Data for this task>
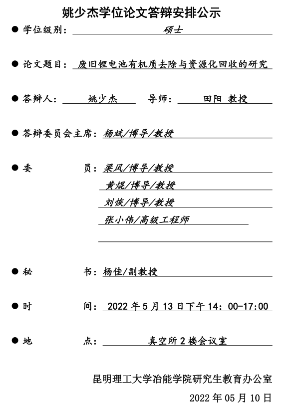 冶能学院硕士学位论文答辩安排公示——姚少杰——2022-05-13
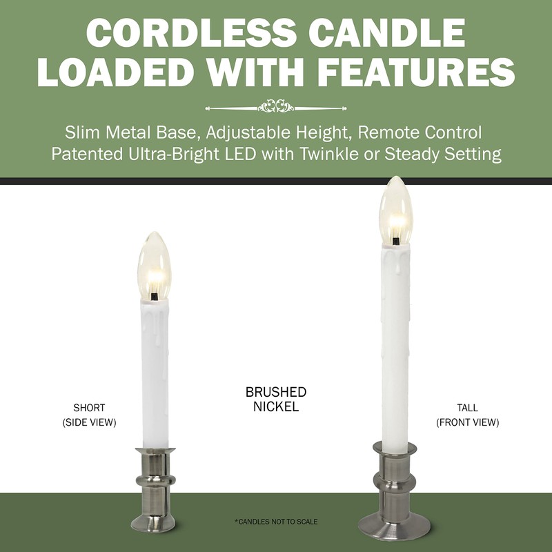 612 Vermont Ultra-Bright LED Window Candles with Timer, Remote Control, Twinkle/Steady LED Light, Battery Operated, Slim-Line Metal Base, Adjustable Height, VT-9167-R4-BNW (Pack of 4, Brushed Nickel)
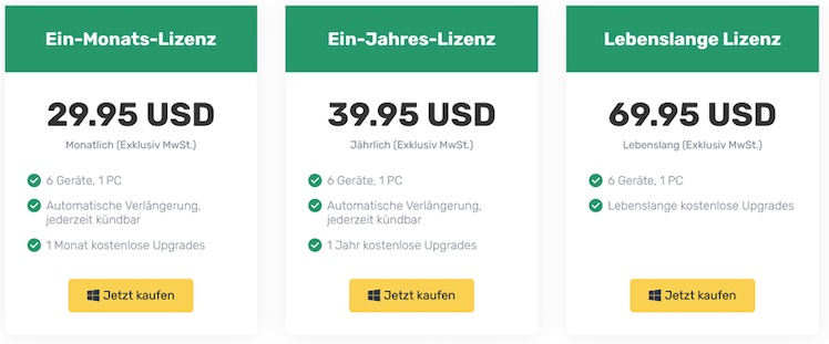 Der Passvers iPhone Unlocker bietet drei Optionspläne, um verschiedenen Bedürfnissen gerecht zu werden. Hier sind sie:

---

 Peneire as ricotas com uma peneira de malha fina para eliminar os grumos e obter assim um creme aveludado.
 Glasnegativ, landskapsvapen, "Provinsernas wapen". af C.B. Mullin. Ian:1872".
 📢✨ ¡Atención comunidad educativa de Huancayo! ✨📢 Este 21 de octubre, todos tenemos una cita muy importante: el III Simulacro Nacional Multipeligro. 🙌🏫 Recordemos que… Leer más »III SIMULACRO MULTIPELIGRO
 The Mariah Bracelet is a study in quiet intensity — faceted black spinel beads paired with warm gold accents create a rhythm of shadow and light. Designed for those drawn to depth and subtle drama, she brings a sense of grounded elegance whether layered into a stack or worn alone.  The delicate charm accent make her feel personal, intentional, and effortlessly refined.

==

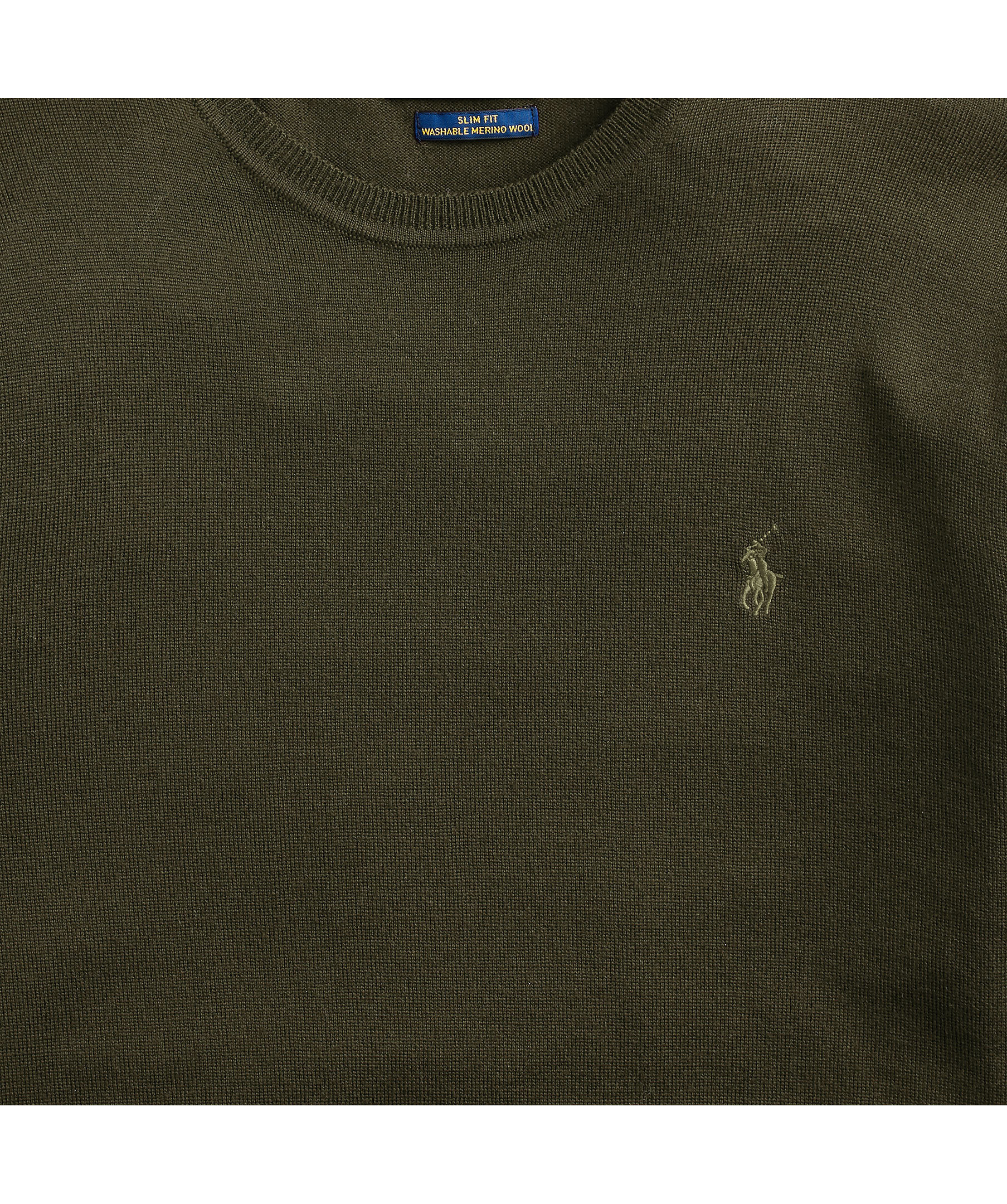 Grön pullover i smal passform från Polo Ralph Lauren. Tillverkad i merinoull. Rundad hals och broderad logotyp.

Directions> Your reply is to be an exact repeat of the listing above from the line holding "612 Vermont Ultra-Bright" down to the line holding "Der Passvers iPhone", ends included, pictures excluded.

The completed task>
 612 Vermont Ultra-Bright LED Window Candles with Timer, Remote Control, Twinkle/Steady LED Light, Battery Operated, Slim-Line Metal Base, Adjustable Height, VT-9167-R4-BNW (Pack of 4, Brushed Nickel)
 Der Passvers iPhone Unlocker bietet drei Optionspläne, um verschiedenen Bedürfnissen gerecht zu werden. Hier sind sie:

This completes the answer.